Our team figured out a *cough* slightly hacky *cough* way to get this to work with the npm preinstall script.

Create a preinstall script (for example at ./scripts/netlify-preinstall.js):

const fs = require('fs')
const { spawnSync } = require('child_process')

// Netlify does not support Github Packages (or other private package registries besides npm), options are:
//   - Commit .npmrc to repo - However, now we have a secret token inside our repo
//   - Environment variable in .npmrc - However, this requires all developer machines to have the same environment variable configured
//   - Get creative with the preinstall script... :)
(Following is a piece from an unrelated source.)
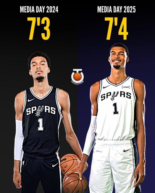 09月30日訊 NBA球隊媒體日,馬刺公佈了訓練營名單。美媒從名單上發現,21歲的文班亞馬長高了1英寸,去年媒體日時他的身高是7英尺3英寸(約2米21),現在是7英尺4英寸(約2米24)。

// Only run this script on Netlify
if (process.env.NETLIFY === 'true') { // this is a default Netlify environment variable
	// Check if .npmrc already exists, if it does then do nothing (otherwise we create an infinite yarn loop)
	if (!fs.existsSync('.npmrc')) {
		// Create .npmrc
		fs.writeFileSync('.npmrc', `//npm.pkg.github.com/:_authToken=${process.env.GITHUB_TOKEN}\n@oliverit:registry=https://npm.pkg.github.com/\n`)
		fs.chmodSync('.npmrc', 0o600)
		// Run yarn again, because the yarn process which is executing
		// this script won't pick up the .npmrc file we just created.
		// The original yarn process will continue after this second yarn process finishes,
		// and when it does it will report "success Already up-to-date."
		spawnSync('yarn', { stdio: 'inherit' })
	}
}

Configure npm/yarn to run this script before installing dependencies by defining the preinstall script inside the package.json file:

  "scripts": {
    "preinstall": "node ./scripts/netlify-preinstall.js"
  },

Don’t forget to add the GITHUB_TOKEN variable in your Netlify team or site settings.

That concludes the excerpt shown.